I stress again to the Minister and his officials that just because the court is in Buxton, they should not think of it as serving only Buxton; it serves the whole of High Peak—all 208 square miles of it. I believe that the court should stay in Buxton, but whatever court is used has to be accessible from all corners of the constituency, not just a small area. It is a fact that more than 70% of the population of High Peak—I think the figure is 73%, so this is almost three quarters of the population—will be more than two hours away from the suggested replacement in Chesterfield by public transport.
I have read many submissions and spoken to a lot of people about this. Buxton Civic Association made many good points in its submission, but the key line in it states that the proposal is not exactly
“access to justice for all”.
That is absolutely right.
As always, my hon. Friend makes a powerful point about the implications for rural communities. There are not only concerns in Derbyshire about having to travel from Glossop or Buxton to Chesterfield, because we have similar concerns in east Cheshire about having to travel from Macclesfield over to Crewe. Does he agree that it is vital for the Minister to consider the implications of added travel costs? When such things are considered, the cost savings, if any, of the proposed closure of the courts in Buxton and Macclesfield will be much lower.
My hon. Friend and neighbour makes a good point. I will address the costs in a while, but he is right that moving the courts to different areas will increase expenditure.
I have talked about travelling to Chesterfield from High Peak using public transport, but that is not the easiest of journeys for car owners. The clue is in my constituency’s name. High Peak is high, which means that we probably have some of the worst winters in England, although I would not challenge our friends from north of the border because they have it worse than we do. The road from High Peak to Chesterfield, the A623, is probably one of the country’s highest roads. I have travelled it many, many times, and in the winter it is often closed or passable only with care—it does get the weather. The road will add another barrier to getting to court not only for defendants, but for magistrates and witnesses.

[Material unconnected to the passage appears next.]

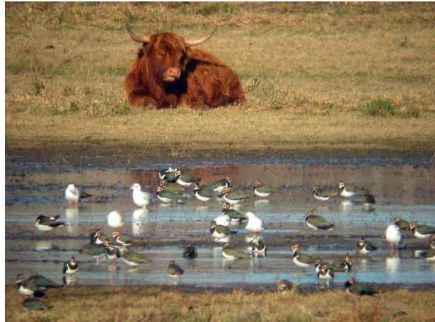
Lapwings, gulls and Highland cattle at Pulborough Brooks

And finally, make a note in your diary or calendar on the kitchen wall, we will be hosting another social evening at our last indoor meeting of year with fun quizzes, prizes to win, time to chat, share photos, drink and eat. We invite you to bring and share cakes – the more the merrier! Thursday 14 th December from 7:30pm , at our usual Northfleet school for Girls venue.

Due to the problems of getting to Chesterfield, there may be the further problem of an increased number of defendants failing to present themselves at the appointed time, which will lead to the issuing of arrest warrants and increased costs. We must also consider the effect on officials who are required to attend court, be they police officers, officers from the council, who often have to attend court for various matters, or any other official. At present, they can attend the court in Buxton as part of their working day, as Buxton town hall is opposite the courthouse and the police station is within walking distance. Officials can attend a court hearing and be back behind their desk or, in the case of police officers, back on the beat, very quickly. We all want to see policemen out on the beat, but there will be implications for that if they have to drive to and from court all day. A journey to Chesterfield for an official from High Peak would effectively remove them from their post for at least half a day and frankly, in many cases, for a full day. As my hon. Friend the Member for Macclesfield (David Rutley) said, the increased expenses incurred will erode the financial benefits of the proposal, if there are any.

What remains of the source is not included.